Но герцог по-прежнему так и не приходил в себя, хотя отбивался, когда они промывали рану почти кипящей водой. При этом он время от времени спрашивал: «Почему?»

Мара отвечала ему очень тихо, чтобы остальные не слышали ее ответов и обещаний; она надеялась, что хоть что-нибудь из сказанного ею вернет его оттуда, где он сейчас находился, вернет раньше, чем мужчины решат, будто они с графиней сошли с ума, и пошлют за жестоким человеком, называющим себя доктором.

Графиня оставалась ее единственным союзником. Видимо, после нескольких часов ухода за раненым она поняла, что у Мары и у нее одна цель.

Их общая цель.

Дверь отворилась, и вошли две женщины. Одна — аккуратная и приличная, явно леди; вторая же — крупная, в переднике, с чайником в руке. Леди нашла взглядом Борна, стоявшего в дальнем конце комнаты, кинулась к нему и оказалась в кольце его сильных рук. Он крепко обнял ее и прижал к себе, она обвила руками его шею, зарылась пальцами в темные кудри маркиза и что-то зашептала.

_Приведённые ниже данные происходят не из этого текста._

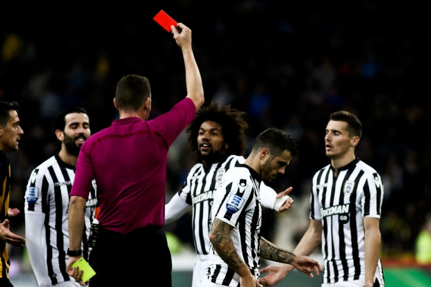 Όλος ο ΠΑΟΚ σε τρεις αποβολές. Στο πώς δεν διαχειρίστηκε το αριθμητικό πλεονέκτημα που του έδωσε η αποβολή του Αραούχο (κι ενώ ο Σαμπράνο είχε στείλει κι αυτός την πρώτη προειδοποιητική βολή γι’ αυτό που επρόκειτο να ακολουθήσει) και πώς κατάφερε να ολοκληρώσει τον αγώνα με δύο παίκτες λιγότερους, δύο παίκτες που έδωσαν ρεσιτάλ απαράδεκτης και αντιπεγγελματικής συμπεριφοράς.
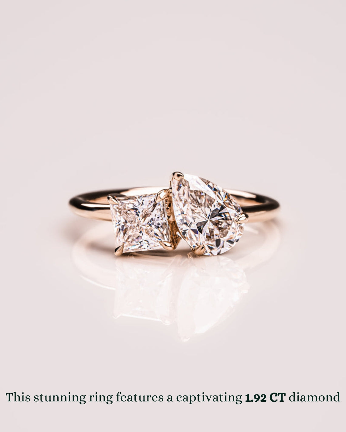 ✦ The Ring Shown in the Picture Holds a Beautiful 1.92 CT Pear & Princess Cut F-Color, VS2-Clarity CVD Lab Grown Diamond.
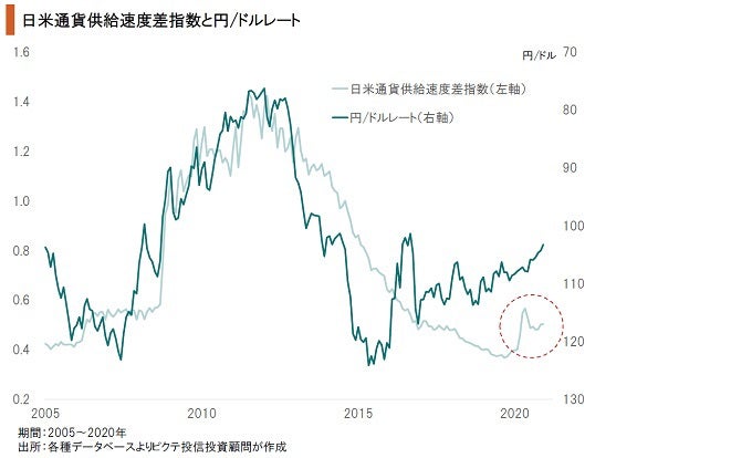 円/ドル相場に影響する要因の1つは、日米の通貨供給速度の違いにあることが経験的に示されている。リーマンショック以降、FRBが量的緩和を強化、ドルの供給速度は円を大幅に上回り、ドル安・円高が進んだ。日銀がQQEを採用した当初は、こうした流れを変え、為替を円安方向へ加速させる重要な要因になったと考えられる。
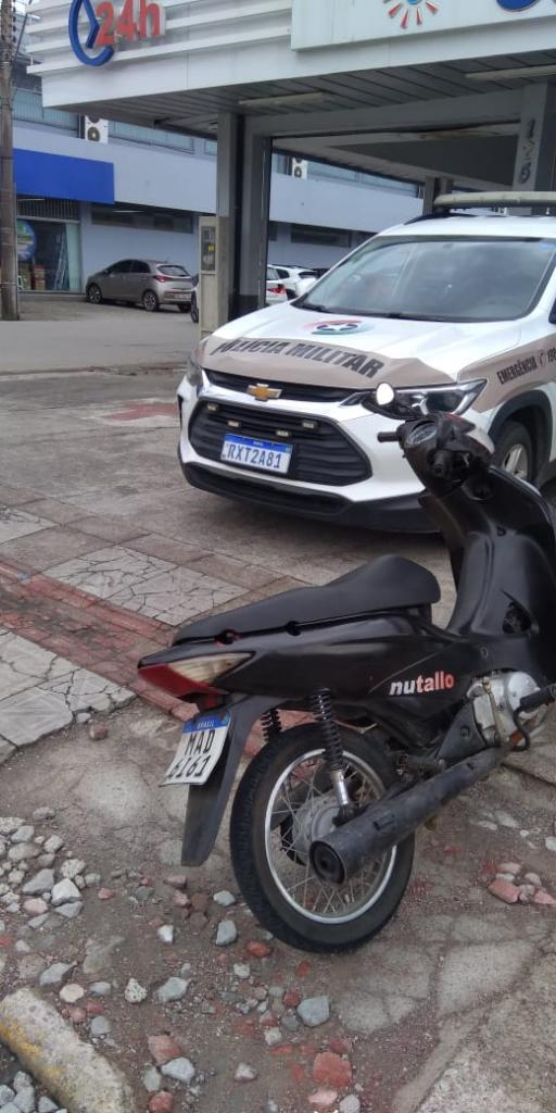 Durante patrulhamento de rotina na noite desta segunda-feira, 08 de setembro, uma equipe da Polícia Militar de Tijucas recuperou uma motoneta com registro de roubo. A ação ocorreu na Avenida Bayer Filho, nas proximidades da Farmácia São João, quando os policiais notaram uma motocicleta Honda Biz, de placas MAD6I61, emitindo ruído excessivo na descarga.
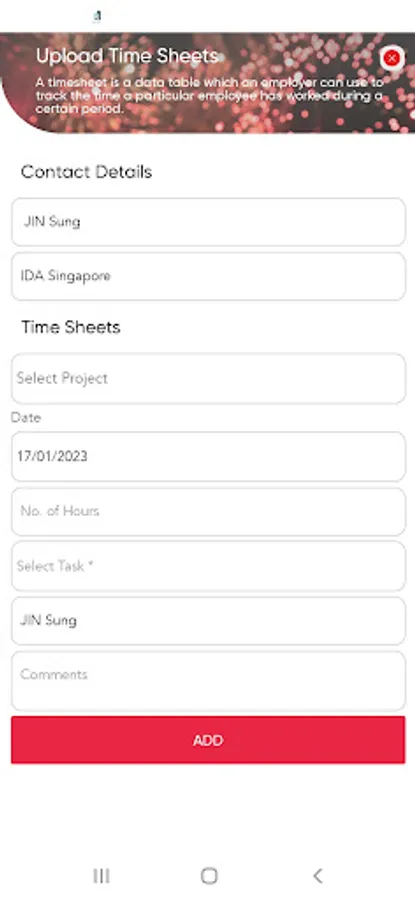 • Employee work schedule / time sheet
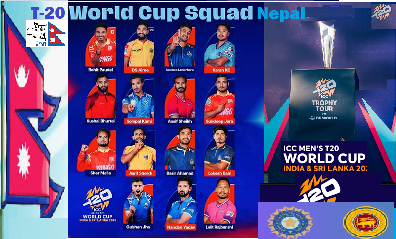 काठमाडौं, २२। नेपाल क्रिकेट संघ क्यानले आगामी महिना भारत र श्रीलंकामा आयोजना हुने आईसीसी टी २० विश्वकपमा खेल्ने राष्ट्रिय क्रिकेट टिमको घोषणा गरेको छ ।

Маре очень хотелось и дальше наблюдать за этой сценой, совершенно несовместимой с образом человека, с которым ей до сих пор приходилось иметь дело, — и в то же время хотелось отвернуться, ибо слишком уж эмоционально все это выглядело.

Наконец Борн расцепил объятия, и его неприятная сущность вернулась обратно.

— Какого черта?.. Что ты тут делаешь? — пробурчал он.

Леди не обратила внимания на его тон.

— Тебе следовало самому за мной послать. Почему я должна дожидаться записки от Пиппы? — Она помолчала. Потрогала пальцами его щеку. — Что случилось с твоим глазом?

— Ничего.

Маркиз отвел глаза. Мара же поспешно перевела взгляд на Пиппу, стоявшую рядом с Темплом и наблюдавшую за ней.

— Это нельзя назвать «ничего», Майкл!

— Дорогая, все в порядке. — Он взял ее за руку и поцеловал кончики пальцев.

— Кто тебя ударил?

Губы графини дрогнули в усмешке, и Мара мысленно взмолилась, чтобы та промолчала. Но удача ей изменила.

— Его ударила мисс Лоув, — сказала Пиппа.

Леди выпрямилась во весь немаленький рост и посмотрела на графиню:

— Кто такая мисс Лоув?

Пиппа указала на Мару, мечтавшую куда-нибудь провалиться:

— Вот она.

Леди осмотрела Мару с ног до головы, отметив окровавленное платье, растрепанные волосы и наверняка изможденное лицо. Взгляд ее остановился на правой руке Мары, нанесшей удар маркизу. После чего она с усмешкой сказала.

— Полагаю, он это заслужил, верно?

Ошеломленная, Мара смотрела ей прямо в глаза. Наконец кивнула:

— Да, пожалуй, да.

Леди снова усмехнулась.

— Что ж, такое случается. — Она опять повернулась к Борну.

— Нет, я этого не заслужил! — заявил тот.

Леди приподняла бровь.

— Ты попросил прощения?

— Что?! Прощения?! — вспылил маркиз. — Она ведь меня ударила! Когда бежала, чтобы убить Темпла!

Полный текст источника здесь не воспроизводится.